Today, it is not novel to run a workload in Kubernetes. The big wave of initial workloads being placed on Kubernetes or the re-tooling of existing Kubernetes workloads e.g. embracing a Service Mesh where there was not one before has started to dial down. Greenfield Kubernetes development as templates and archetypes are much stronger for development resources to consume. As in any platform, there are folks who are happy with your templating and folks who need a bespoke solution.
Kubernetes is ironically homogeneous and heterogeneous at the same time. YAML and Go are the defacto languages in Kubernetes. But depending on the combination of YAML and Go, your workloads can be described and run in heterogeneous fashions from other workloads. Those shift-left decisions that make the workloads heterogeneous are exactly the areas that need coverage as expertise eventually leaves.
Keeping track of (and hopefully enforcing) shift left decisions
Core areas of infrastructure that was managed by infrastructure teams are now showing up as Kubernetes manifests. Networking configurations are now described in Service Mesh manifests and storage configurations are now described in CSI manifests. As the constant march of shifting left continues to occur, sometimes with the ethos of self-service, why engineers made those shift-left/self-service decisions can be troublesome. Re-iterating the adage that software ages like milk and not like wine, a not-insignificant chunk of the application distribution and dependencies are most likely open source. For most of us, we will not have contributor-level resources in every open source project that we consume.

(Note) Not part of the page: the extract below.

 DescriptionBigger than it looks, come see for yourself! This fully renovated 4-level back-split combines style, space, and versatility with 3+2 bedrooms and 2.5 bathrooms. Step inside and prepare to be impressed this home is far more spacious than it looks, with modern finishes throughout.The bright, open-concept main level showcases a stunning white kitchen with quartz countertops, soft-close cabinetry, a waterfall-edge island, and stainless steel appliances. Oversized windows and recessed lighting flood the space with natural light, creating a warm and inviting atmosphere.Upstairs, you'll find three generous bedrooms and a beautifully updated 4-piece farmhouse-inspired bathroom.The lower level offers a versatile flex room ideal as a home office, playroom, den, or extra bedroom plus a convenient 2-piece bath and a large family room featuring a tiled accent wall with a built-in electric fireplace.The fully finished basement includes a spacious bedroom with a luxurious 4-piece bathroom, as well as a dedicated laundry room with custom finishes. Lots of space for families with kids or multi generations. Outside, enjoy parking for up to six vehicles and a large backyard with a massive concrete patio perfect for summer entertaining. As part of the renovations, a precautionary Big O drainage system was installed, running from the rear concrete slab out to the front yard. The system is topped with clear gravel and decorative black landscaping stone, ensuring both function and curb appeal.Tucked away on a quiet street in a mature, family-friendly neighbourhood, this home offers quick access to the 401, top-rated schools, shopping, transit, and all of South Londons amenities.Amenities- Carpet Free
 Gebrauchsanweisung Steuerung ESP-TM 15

Infrastructure-as-Code [IaCs] and the vast amount of configuration-as-code are sources of truth, especially if you subscribe to a GitOps model in delivering Kubernetes workloads. Like anything in the platform engineering world, if you had one and only one service, this would be easy. An oversimplified answer to designing platforms to eventually support legacy Kubernetes workloads e.g when expertise leaves are designing platforms that keep track of the shift-left / non-functional decisions to the applications.

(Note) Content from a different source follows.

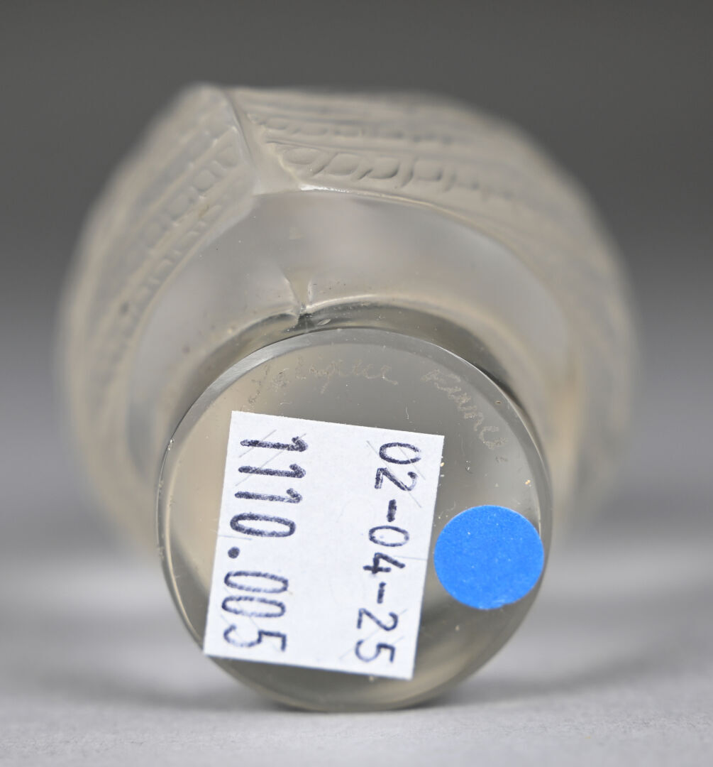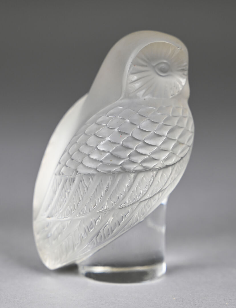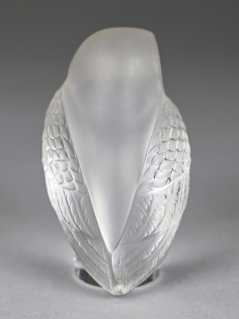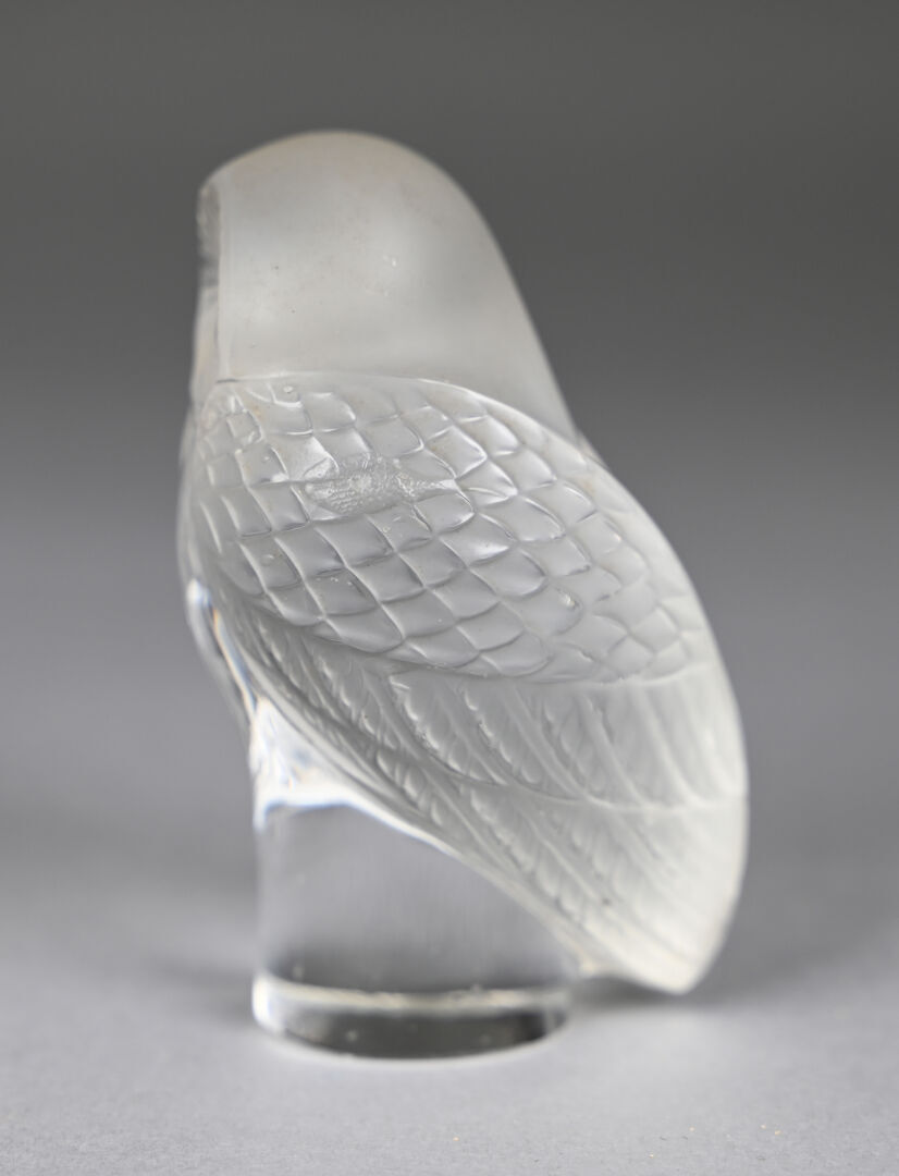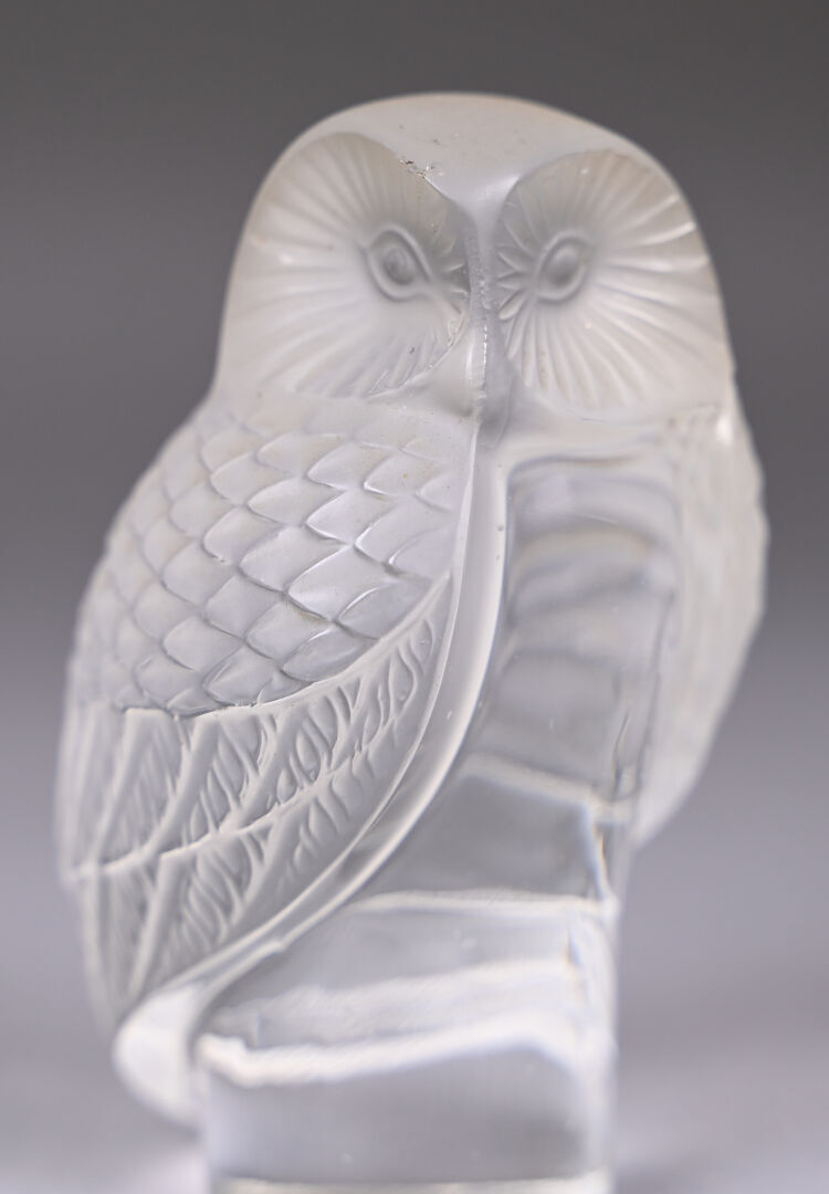LALIQUE FRANCE. Presse-papier en cristal moulé pressé dépoli représentant une chouette. Signé au dessous. Haut. : 9 cm.

Here are common items of shift-left decisions to keep track of / enforce.
- Image [container] choices - Taking a page out of manufacturing, bill-of-material management e.g. SBOM [Software Bill of Material] is crucial to finding what dependencies are inside your organization. This is especially helpful when a new vulnerability occurs, like Log4Shell. Also, basic pillars of having a sanitary registry stance; images are coming from an organizational registry vs the public.
- Networking policy choices - Going back to if there was one and only one service, blocking a specific port like 6443 [this is the default Kubernetes API port] would be easy enough. Though with the rise of microservices and the ease of on-boarding workloads to Kubernetes, there can be lots of workloads to keep track of. Understanding the communication posture of the services is key.
- Container storage choices - Not to be lost in the “who made this Persistent Volume Claim”, tying a workload or application to a PVC is helpful. Remember those orphan AWS EC2 EBS instances? They appear in K8s also.
With those major pillars being kept track of, being able to react when there is a security or resilience incident becomes easier to pinpoint the proverbial needle in a haystack.